Первая для меня картинка жестокого, беспощадного лица войны — разрушенный бомбовым ударом дом. Мы, ребятня, сбежались смотреть на последствия первой бомбежки в городе. Дом будто разрезали пополам — этажи не снаружи, а изнутри, в разрезе. Там, где что-то не провалилось, не упало, стояли столы, шкафы. Особенно запомнилась железная кровать с оторванной взрывом ножкой, висевшая на чем-то в воздухе и раскачиваемая слабым ветром. Горело, дымило, ело глаза. И мы с детским живым воображением вдруг поняли, что такое же страшное может произойти в каждом доме. В детское сознание змеей заползала война в облике разрушения и смерти.

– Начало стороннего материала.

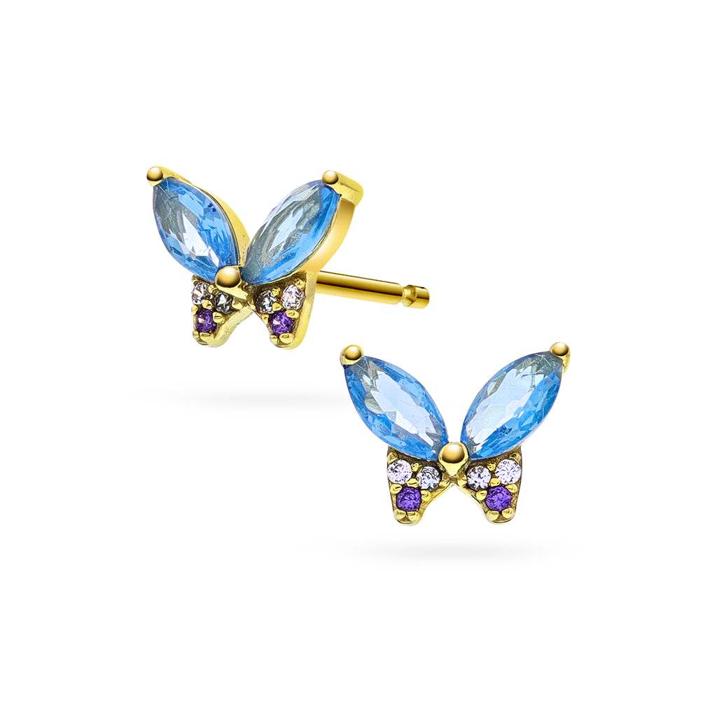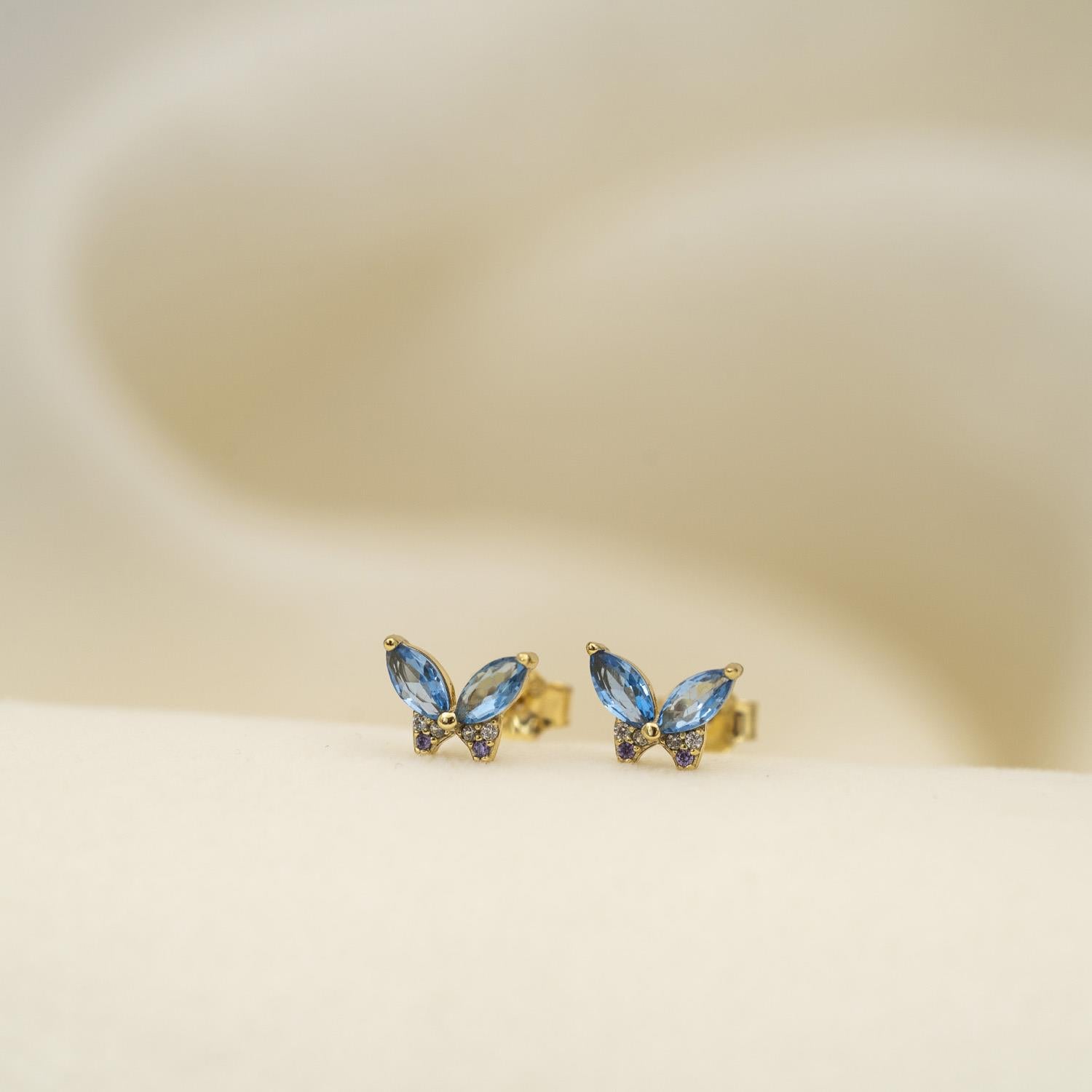 Øredobber i forgylt sølv med blå sommerfugl i zirkoniastener.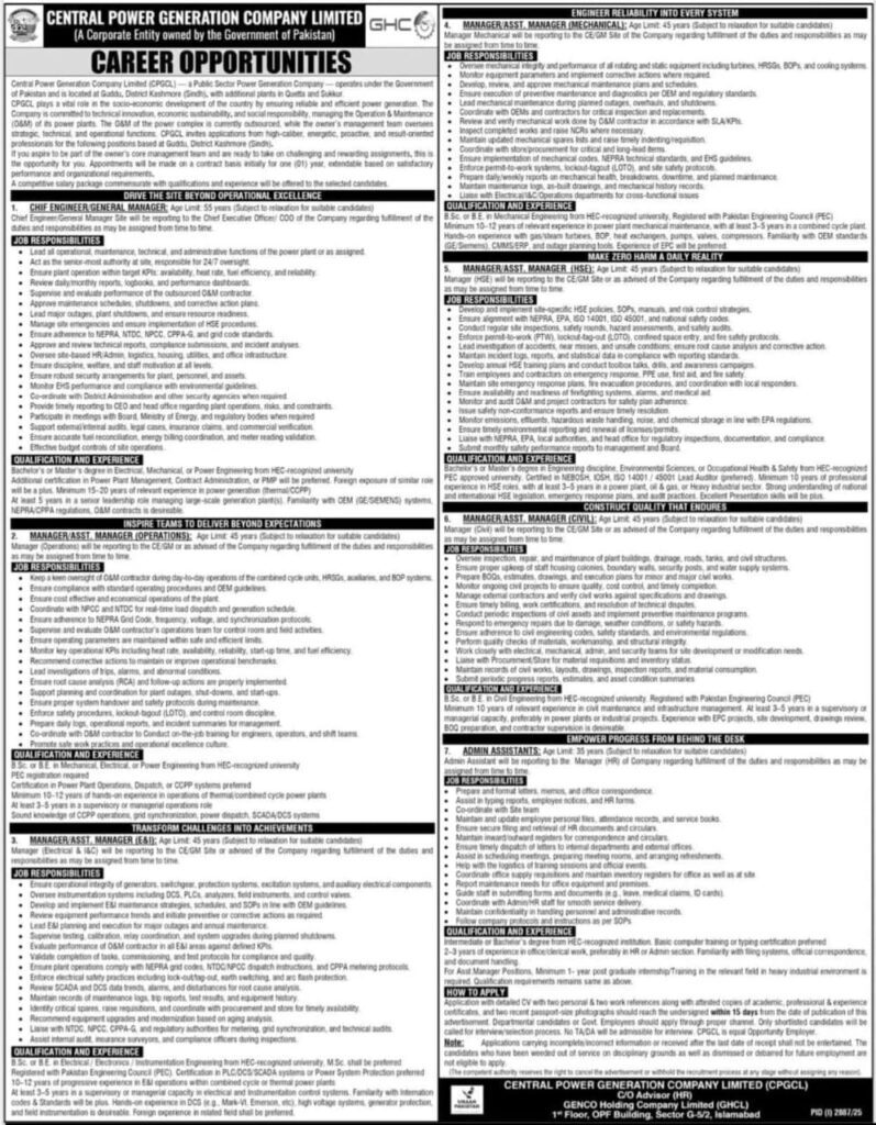 Operating under the Government of Pakistan, CPGCL is a key public-sector enterprise responsible for thermal power generation, ensuring reliable electricity supply across the nation. This is your chance to become part of Pakistan’s energy backbone — where innovation meets responsibility and careers turn into long-term success stories.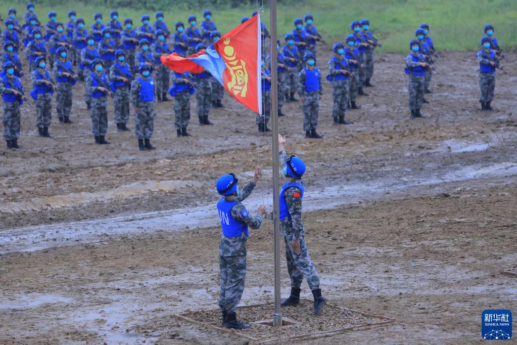 9月6日,在“共同命運-2021”國際維和實兵演習(xí)開始儀式上,升旗手升蒙古國國旗。新華社記者 劉芳 攝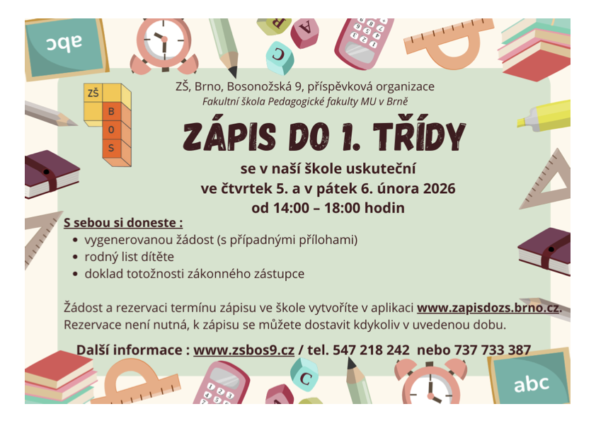 Zápis dětí do 1. tříd proběhne ve čtvrtek 5. února 2026 a v pátek 6. února 2026 vždy od 14 do 18 hodin.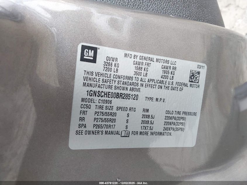 2011 CHEVROLET SUBURBAN 2011 року Бензин, 5.3, , vin - 1GNSCHE00BR285120 з США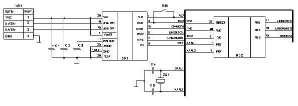 внесения изменений в схему устройства был внесен интерфейс USB для
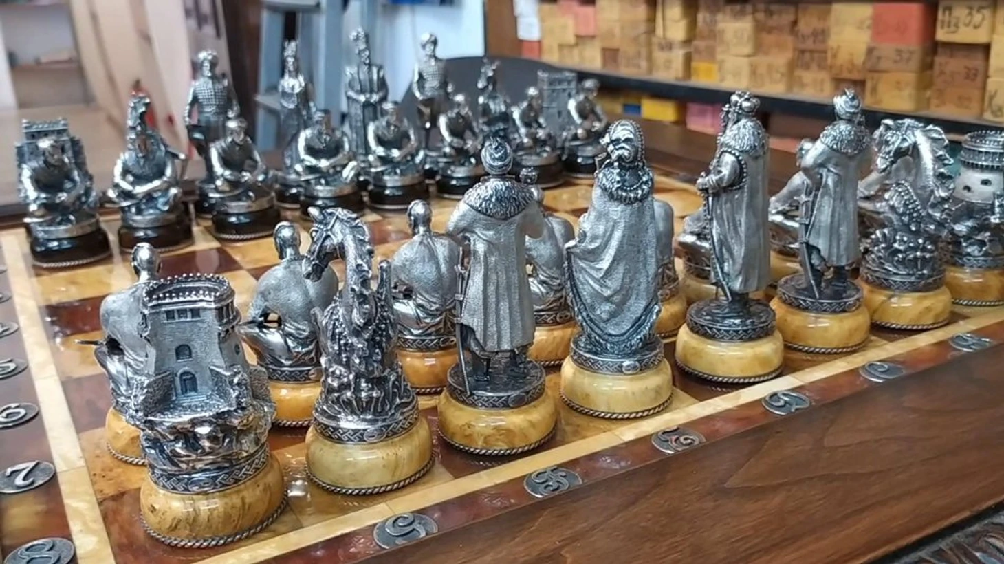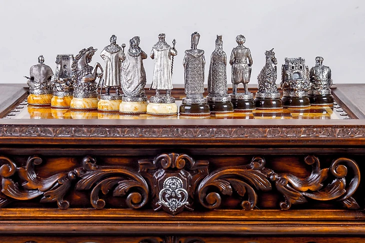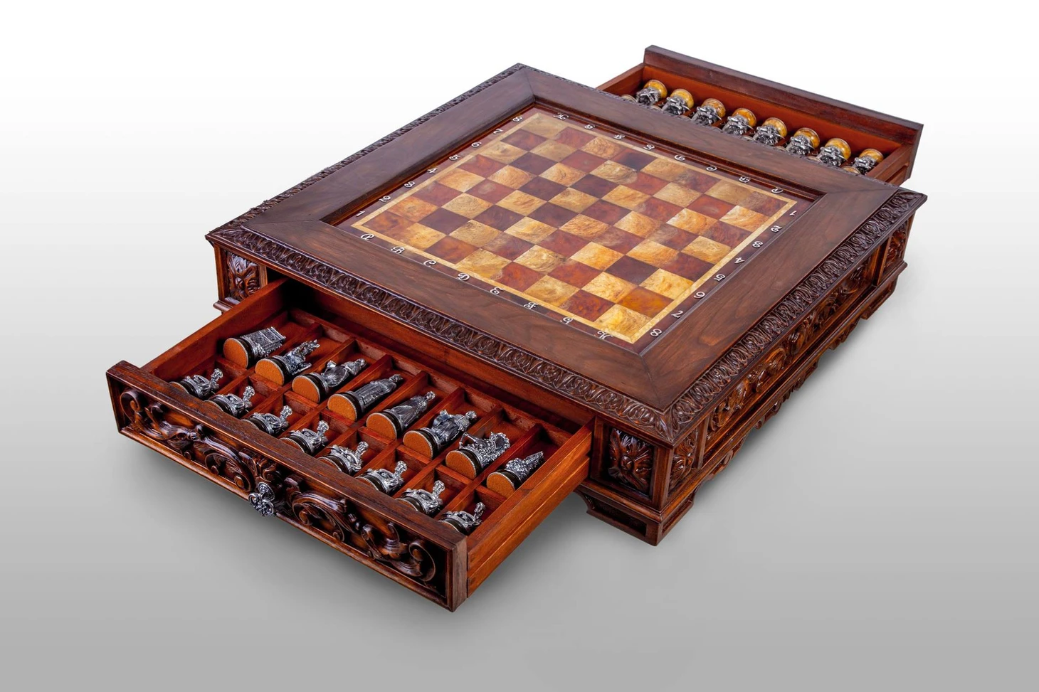 Шахматы помещаются в два ящика резного из орехового дерева стола, инкрустированного янтарем.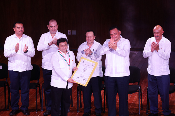 El académico recibe la Medalla que lleva el nombre del benemérito yucateco.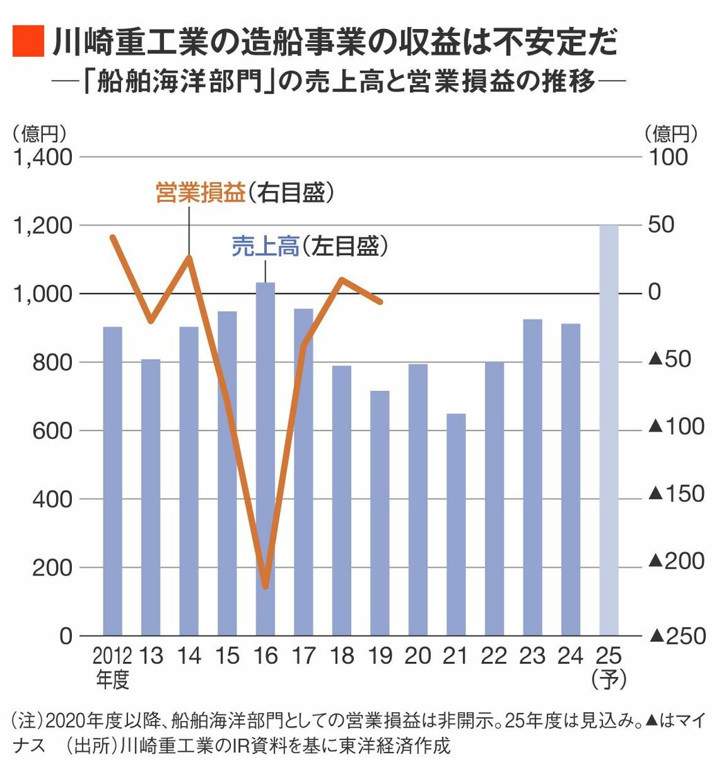 事実、川崎重工にとって造船は長きにわたり荒波に耐え続けるような事業だった。造船部門の売り上げは年によって大きく波を打ち、営業利益は開示されていた19年度まで赤字を繰り返していた。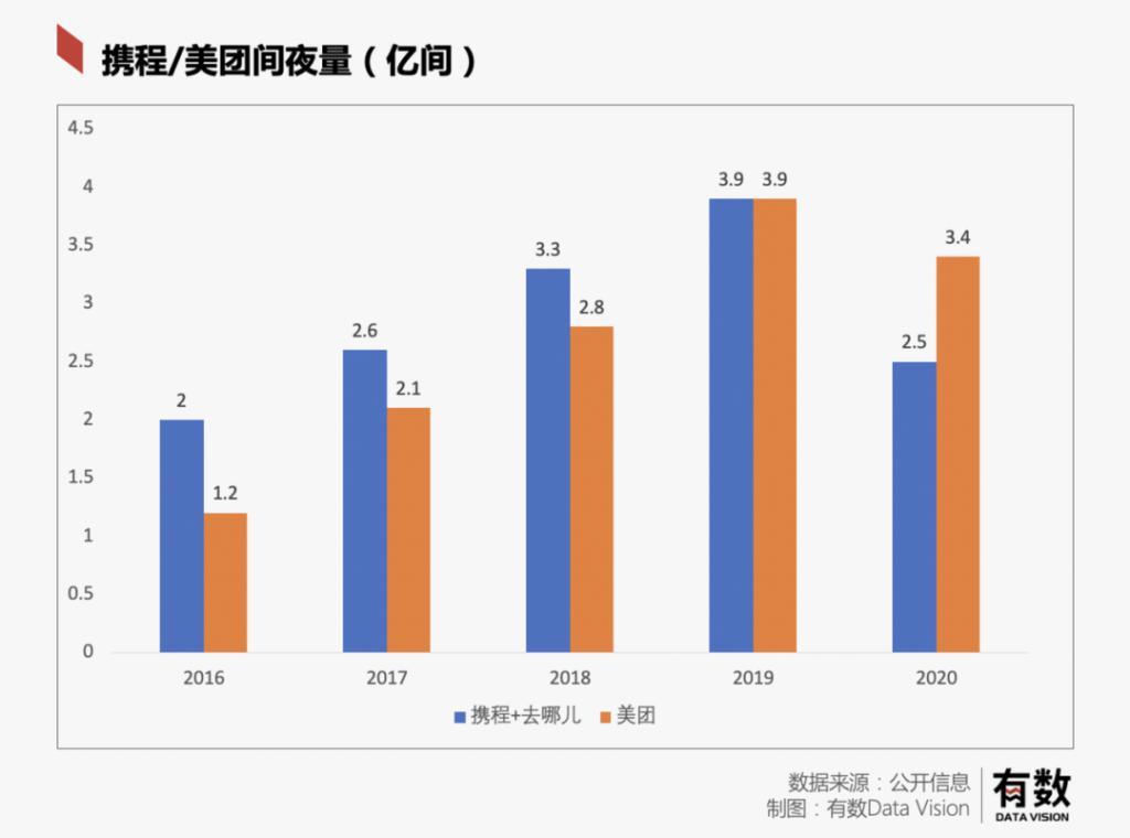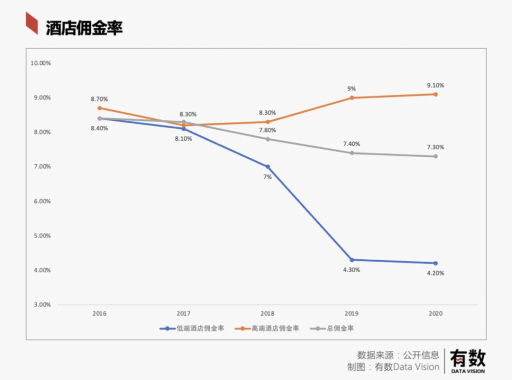 据测算,美团平均每卖出一晚住宿佣金收入仅为 13.3 元,而携程的是 42.6 元 [ 8 ] 。

С этого дня бомбежки, артобстрелы, разрушенные дома больше никого не удивляли и не страшили — ко всему привыкает человек. Бабушка моя, правда, очень боялась налетов и не знала, где укрыться от них. В бомбоубежище мы не ходили — прятались, как будто бы это могло спасти нас, в нашем широком коридоре.
С началом бомбежек, может быть, немного позднее, в город постучался голод. Он истязал, мучил, морил Ленинград 840 блокадных дней.

Сетка, карточная сетка основного продукта — хлеба, выстроилась в таком порядке: рабочие — 250 г., служащие — 150 г., иждивенцы — 125 г. К этому жалкому пайку прилагались 200 г. крупы на каждые 10 дней месяца. Поначалу родители за счет чего-то проданного покупали хлеб, но вскоре покупать его стало не на что. Кстати, 125-граммовую пайку продавали на рынке за 700 рублей, и не могу сказать, сколько их могли приобрести папа и мама на свою зарплату.


Жалко мне было их. По-детски жалко. Каждый день родители поднимались, шли по утрам на работу, преодолевая правую часть набережной, а затем Гренадерский и Самсоновский мосты. Завод выпускал, естественно, вооружение для Красной Армии. Семейный паек, 375 г. хлеба, конечно же, не мог восстановить сил, потраченных на поход на завод и обратно. Папа и мама «таяли» на моих глазах. Дальше — страшнее. У нас на руках умирает от голода бабушка. Родители продолжают работать. Каждый в семье носил на груди, как бесценный оберег, амулет, талисман, хлебную карточку, чтобы не потерять однажды все разом и сразу не погибнуть.


Отец мой Александр Иванович, сын потомственного питерского кузнеца Ивана Монакова, до войны был не только крепок телом, но и безмерно деятелен, подвижен. Лишенный возможности из-за физического бессилия 
гулять по городу, он по привычке, случалось, ходил из конца в конец по соседней не отапливаемой комнате, что-то, может быть, обдумывая и решая. Вначале бабушка, а потом и мама решительно стал запрещать ему эти 
променады ради сохранения слабевших сил. «Саша, — останавливала его мама, — да сядь, посиди ты ради Бога. Не трать сил на дурацкую ходьбу, прошу тебя». Он покорно садился, и я видела в его глазах только тоску, только страдание, как было не трудно догадаться, от своей немощи и бессилия хоть чем-то помочь семье и самому себе...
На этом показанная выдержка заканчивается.